# Given data
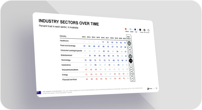 INDUSTRY SECTORS OVER TIME - 0 + Percent trust in each sector, in Australia Distrust Neutral Trust Change, 2012 to 2021 10yr. Industry 2012 2013 2014 2015 2016 2017 2018 2019 2020 2021 Trend Healthcare - - - - 71 72 69 70 66 75 n/a Food and beverage 67 63 68 67 68 70 67 74 67 68 +1 Consumer packaged goods 56 54 58 58 62 61 56 64 59 61 +5 Entertainment - 61 64 66 66 63 61 70 59 61 n/a Technology 74 65 73 71 72 71 68 72 66 61 -13 Automotive 58 58 60 59 55 61 54 64 56 59 +1 Telecommunications 47 45 48 50 55 54 53 53 51 58 +11 Energy 41 36 41 43 51 50 39 45 45 53 +12 Financial services 46 38 46 43 48 50 49 45 43 50 +4 2021 Edelman Trust Barometer. TRU_IND. Please indicate how much you trust businesses in each of the following industries to do what is right. 9-point scale; top 4 box, trust. Industries shown 13 to half of the sample. General population, Australia.
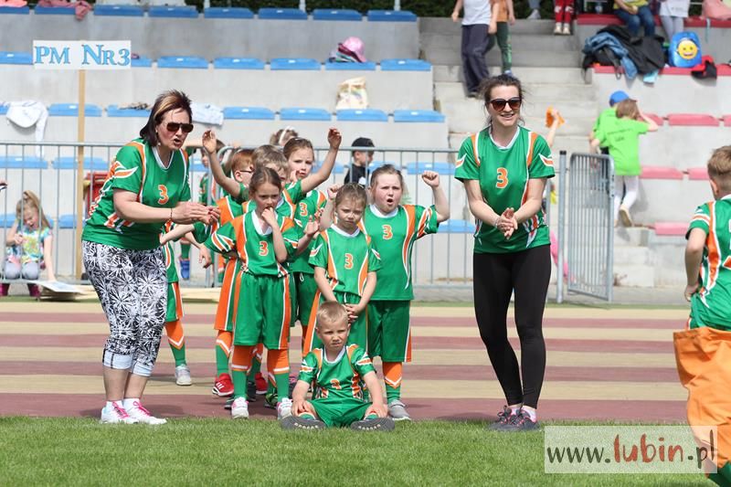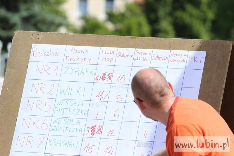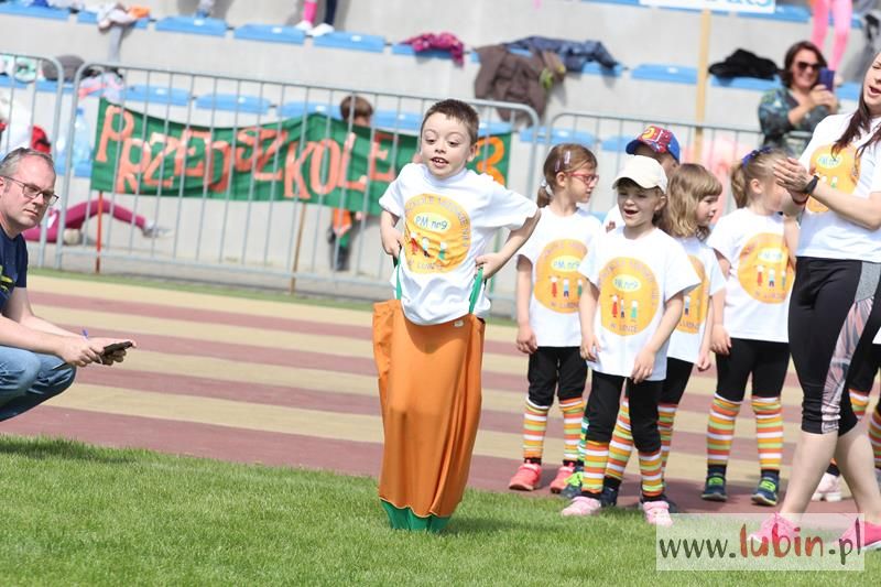 Młodzi lubinianie z piętnastu lubińskich przedszkoli stanęli dziś do rywalizacji sportowej w kilku konkurencjach jak: toczenie piłki lekarskiej, hula hop, skoki w worku, sztafeta czy skakańce. Sekundowali im pracownicy RCS, a także mistrzynie Polski Superligi Kobiet – szczypiornistki MKS Zagłębia Lubin, które podczas konkurencji przedszkolaków, same przypomniały sobie swoje lata dzieciństwa.
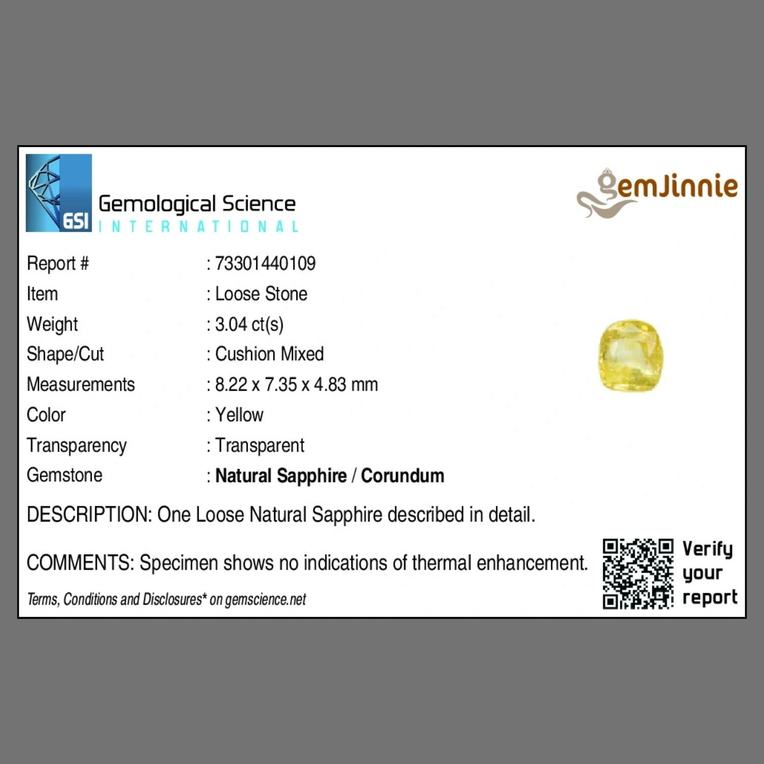 Experience the brilliance of this 3.04 Carat Yellow Sapphire (Cushion Mixed Cut), a natural and transparent gemstone from the Corundum family. Known for attracting prosperity, wisdom, and success, this stunning sapphire radiates vibrant golden hues and exceptional clarity — perfect for fine jewelry or astrological purposes
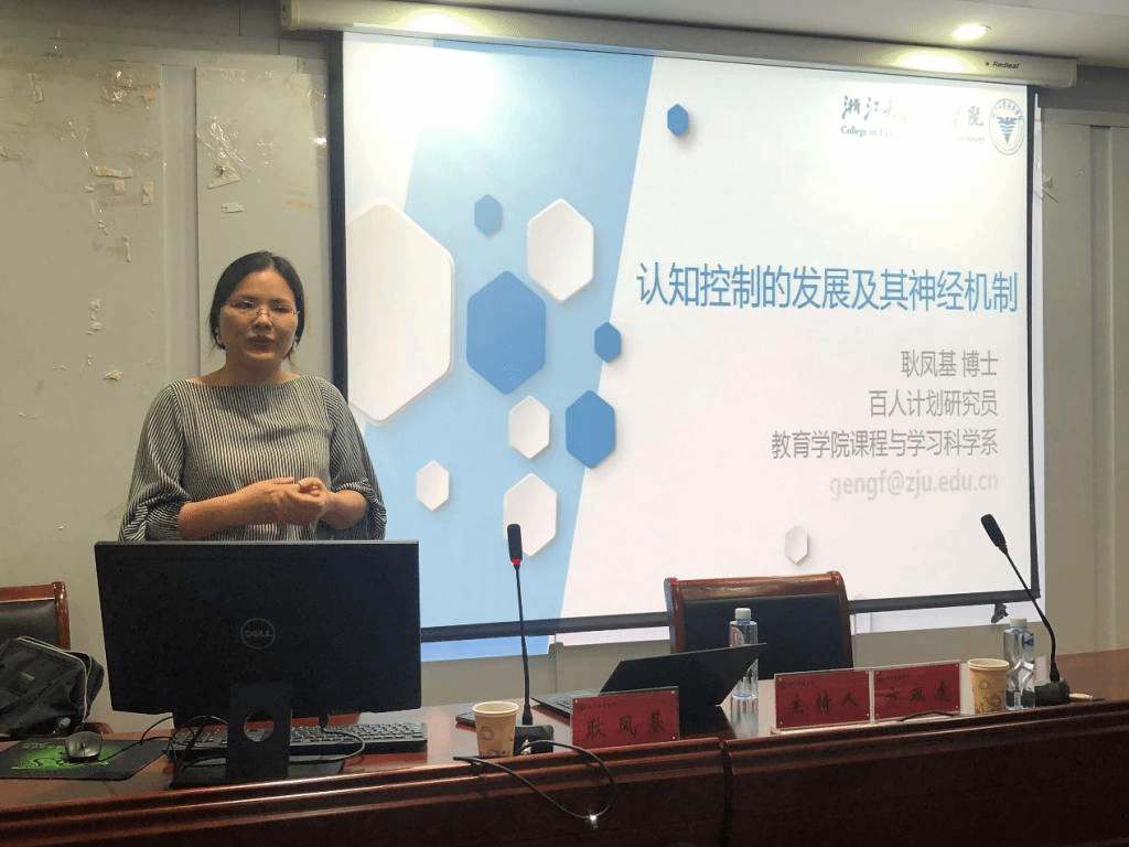 本网讯(教科院 文/邸滢瑞 图/唐小菲 李琴)6月4日下午,浙江大学教育学院课程与科学学习系特聘研究员、博士生导师耿凤基教授应邀来我院,作《认知控制的发展及其神经机制》主题讲座。本场讲座于教育科学学院三楼学术交流中心举行,由我院方双虎教授主持,心理学、心理健康教育等相关专业青年教师、博士和硕士研究生到场聆听和学习。
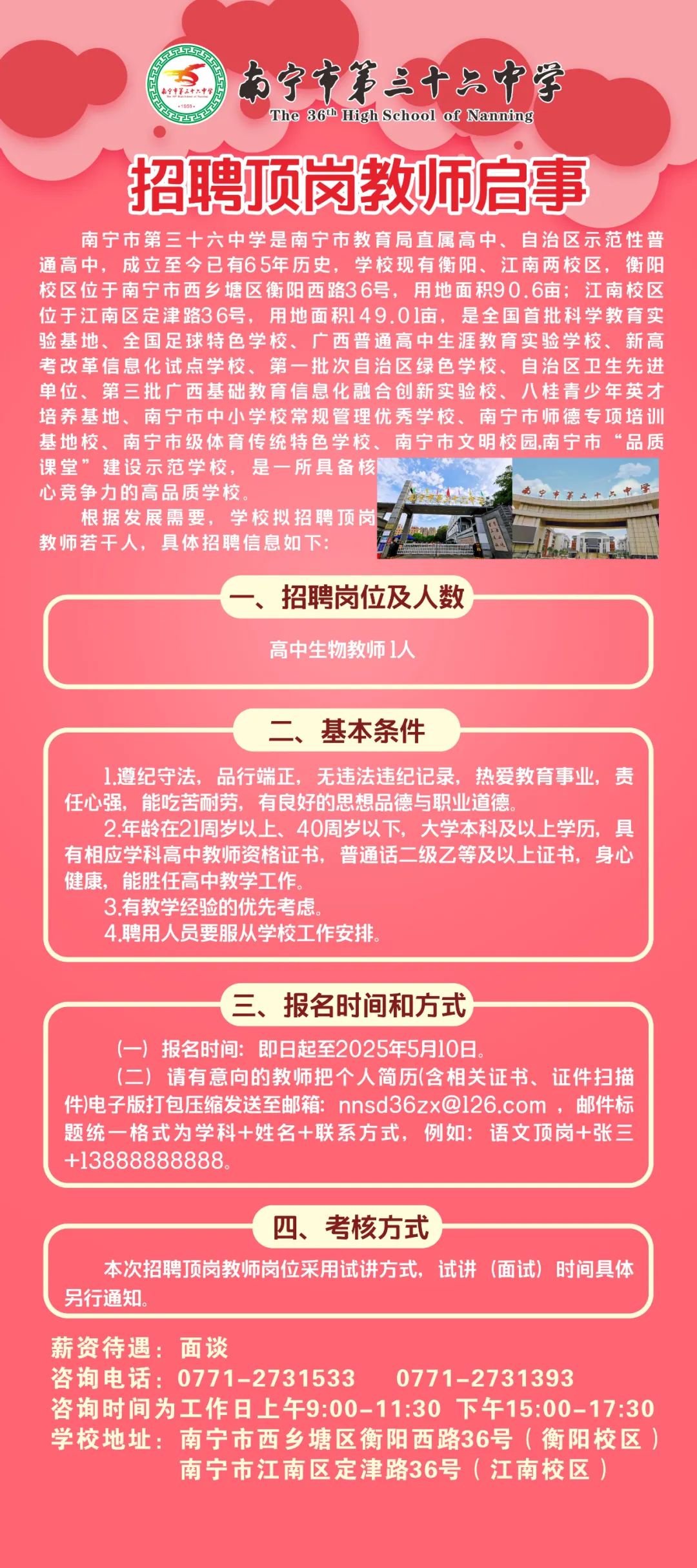 2025年南寧市第三十六中學招聘頂崗教師啟事
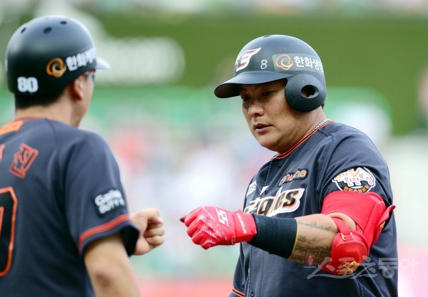 8일 인천 SK행복드림구장에서 ‘2018 신한은행 마이카 KBO리그’ SK 와이번스와 한화 이글스의 경기가 열렸다. 2회초 1사에서 한화 김태균이 안타를 치고난 뒤 고동진 코치의 환영을 받고 있다.
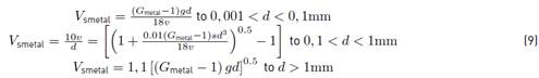 where Gmetal [dimensionless] corresponds to the specific gravity of the metal, ( [LT-1] to the kinematic viscosity, g is the acceleration of gravity (9.8067 m/s2) [LT-2] and d (mm) is the diameter [L] of the sediment particle.
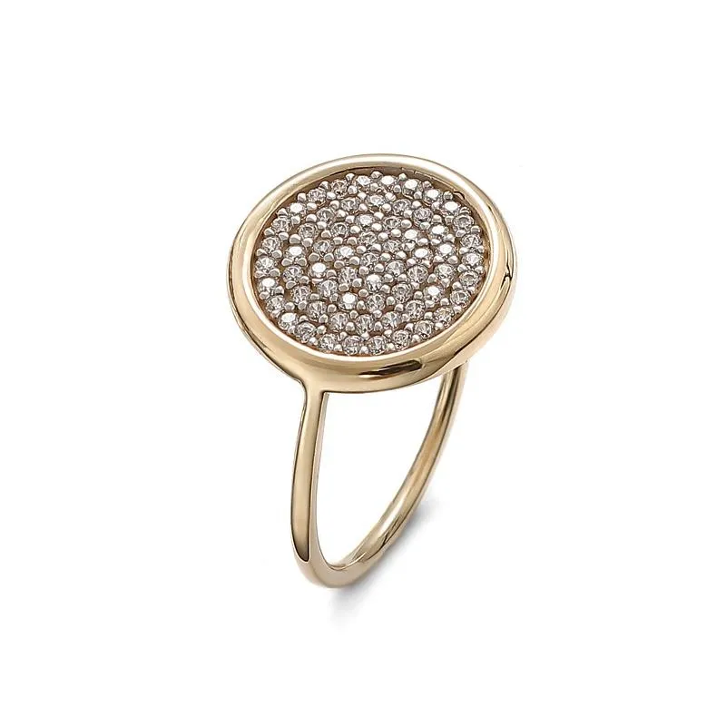 Propozycja dla osób, które lubią odważne projekty i biżuterię, która przykuwa wzrok. Złoty pierścionek koło wysadzane cyrkoniami jest idealny dla odważnych, pełnych klasy kobiet. Niezwykle zmysłowy pierścionek z żółtego złota z okazałą taflą starannie wyłożoną cyrkoniami to projekt o wymownym charakterze. Delikatna złota szyna harmonijnie przechodząca w cargę okalającą liczne cyrkonie tworzy złoty pierścionek, który niezwykle efektownie prezentuje się na dłoni.
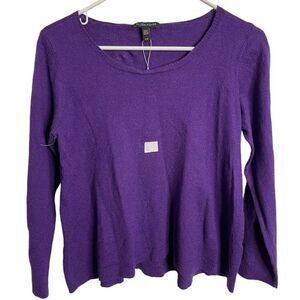 Eileen Fisher Womens Sweater L Purple Wool Blend Boatneck Bracelet Sleeve Mature
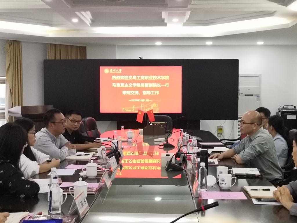 10月19日下午,义乌工商职业技术十大体育博彩排行榜 体育博彩吴雷副院长率各教研室、科室主任等一行6位专家、学者莅临十大体育博彩排行榜 交流考察。卓高生院长、十大体育博彩排行榜 各思政课教研室主任出席了交流会议。

# What the task asks
Nothing but the lines from the line containing "8일 인천 SK행복드림구장에서" through the last line of the material may be output, and they must be copied exactly, without pictures.

# Solved exercise
 8일 인천 SK행복드림구장에서 ‘2018 신한은행 마이카 KBO리그’ SK 와이번스와 한화 이글스의 경기가 열렸다. 2회초 1사에서 한화 김태균이 안타를 치고난 뒤 고동진 코치의 환영을 받고 있다.
 where Gmetal [dimensionless] corresponds to the specific gravity of the metal, ( [LT-1] to the kinematic viscosity, g is the acceleration of gravity (9.8067 m/s2) [LT-2] and d (mm) is the diameter [L] of the sediment particle.
 Propozycja dla osób, które lubią odważne projekty i biżuterię, która przykuwa wzrok. Złoty pierścionek koło wysadzane cyrkoniami jest idealny dla odważnych, pełnych klasy kobiet. Niezwykle zmysłowy pierścionek z żółtego złota z okazałą taflą starannie wyłożoną cyrkoniami to projekt o wymownym charakterze. Delikatna złota szyna harmonijnie przechodząca w cargę okalającą liczne cyrkonie tworzy złoty pierścionek, który niezwykle efektownie prezentuje się na dłoni.
 Eileen Fisher Womens Sweater L Purple Wool Blend Boatneck Bracelet Sleeve Mature
 10月19日下午,义乌工商职业技术十大体育博彩排行榜 体育博彩吴雷副院长率各教研室、科室主任等一行6位专家、学者莅临十大体育博彩排行榜 交流考察。卓高生院长、十大体育博彩排行榜 各思政课教研室主任出席了交流会议。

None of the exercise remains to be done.